На двадцать втором году жизни, милая Наташа, я окончательно утвердилась в мысли, что в лучшем случае обрету дарованное Гименеем счастие с мужчиною значительно старше меня, с вдовцом или же с потерявшим здоровье на военной службе… Я даже пыталась найти преимущества в грядущем повороте дел, и даже находила их, ибо мы всегда стараемся отыскать светлые стороны в обстоятельствах, повлиять на кои не в силах.
И вдруг все изменилось волшебным образом.
Не мною отмечено, что тысяча душ приданого (а именно столько назвал папенька в случайно услышанном разговоре) делает дурнушек привлекательными, а привлекательных – ослепительными красавицами… Я сознаю, Наташенька, сколь незавидна бывает судьба девиц, привлекших лишь деньгами охотников за приданым, и все же льщу себя надеждой, что со мной такого не случится, что богатство, пусть и став первым поводом для знакомства, все же позволит проявить мне то, чем я досель бесплодно надеялась когда-нибудь пленить предназначенную мне половину. По меньшей мере у меня появится возможность, отнятая капризом природы и жизненных…»
На этой строке письмо обрывалось – карета покинула Ям-Ижору, тряская дорога заставила закрыть чернильницу и убрать складной пюпитр.

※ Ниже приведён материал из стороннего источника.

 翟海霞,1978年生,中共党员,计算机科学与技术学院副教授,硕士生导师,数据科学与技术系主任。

Сейчас в неспешном продвижении вновь случилась длительная заминка, но Машенька Боровина, давно прискучив мелкими дорожными неприятностями, не доискивалась ее причины. Воспользовавшись случаем, она достала письмо, в надежде успеть ежели не перебелить, то хотя бы закончить черновик, – в суете, неизбежно воцарящейся по приезду, будет не до того.
Перечитала написанное – и письмо показалось сухим, никак не передающим всех ожиданий, и волнений, и легких тревог, и безудержных надежд, что наполняли ее душу в последние недели… Наверное, даже не в отсутствии у нее эпистолярного таланта заключается главная трудность. Просто нет на свете слов, что смогли бы донести ее состояние до Наташи. Та не поймет, или же поймет лишь умозрительно, не в силах прочувствовать, – подруга с младых лет не могла пожаловаться на огрехи внешности, а позже – на внимание кавалеров. Нет, не поймет…

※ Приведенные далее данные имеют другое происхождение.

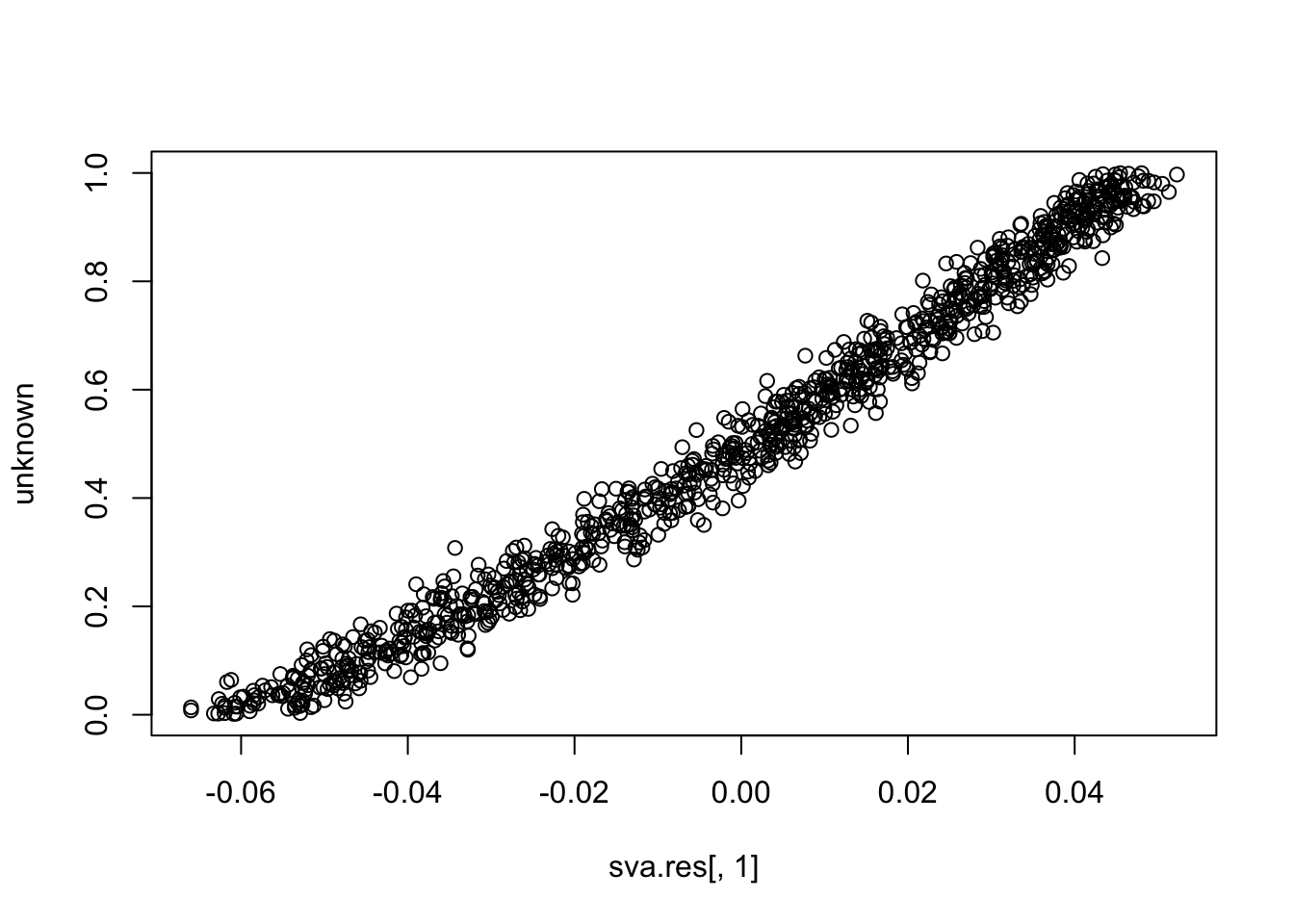 plot(sva.res[,1], unknown)

Однако письмо все же надлежит закончить и отослать, – обещала написать с дороги. Надо только, переписывая набело, переиначить тот абзац, где ее занесло не туда и речь зашла о французских романах, и о чувствах, мыслях и снах, ими вызванных.
Но планам Машеньки не суждено было сбыться, – в карету вернулся папенька, после Ям-Ижоры ехавший на передовом возке их небольшого каравана. Оказался он весьма не в духе, задержка получалась нешутейная: дорогу перекрыли войска, никого не пуская. Причем к кавалерии, появившейся первой, сейчас подошла в подмогу пехота, осталось подкатить пушки и обоз, да возвести ретрашимент позади шлагбаума, – и можно достойно встретить турок, не иначе как высадившихся десантом. Прямо на берег Царскосельского пруда, очевидно, высадившихся…
Речь папеньки была наполнена сарказмом, но на лице читалась тревога, и немалая. Машенька считала, что знает, в чем причина. По молодости папенька служил в пехотном полку, причем расквартированном здесь, в окрестностях столицы, – что для армейского, а не гвардейского офицера стало большим везением.
Несколько лет папенькиной службы как раз угодили на череду событий, о коих в книгах не прочтешь, по крайней мере в тех, что будут отпечатаны в ближайшие полсотни лет, а то и подолее. Она знала о тех событиях немногое, по смутным и обрывочным разговорам взрослых, вовсе не для ее ушей предназначенным… Неспокойно было в то время в Санкт-Петербурге, то и дело кто-то кого-то свергал с трона, либо изгонял с мест, в самой близости от него расположенных: то Бирона, то Миниха, то Остермана, то регентшу Анну Леопольдовну… Беспокойные годы папенька не позабыл, и Маша помнила, какое стало у него лицо не так уж давно, при известии о воцарении матушки-государыни… Такое же, как сейчас. Крайне встревоженное.
Ибо поучаствовать в исторических событиях ему довелось, хоть и на третьих ролях. Каждый раз поднимали в ружье полки и перекрывали въезды-выезды из столицы, и никто из поднятых по тревоге ничего не понимал в происходившем – не только нижние чины, но и офицеры-армейцы.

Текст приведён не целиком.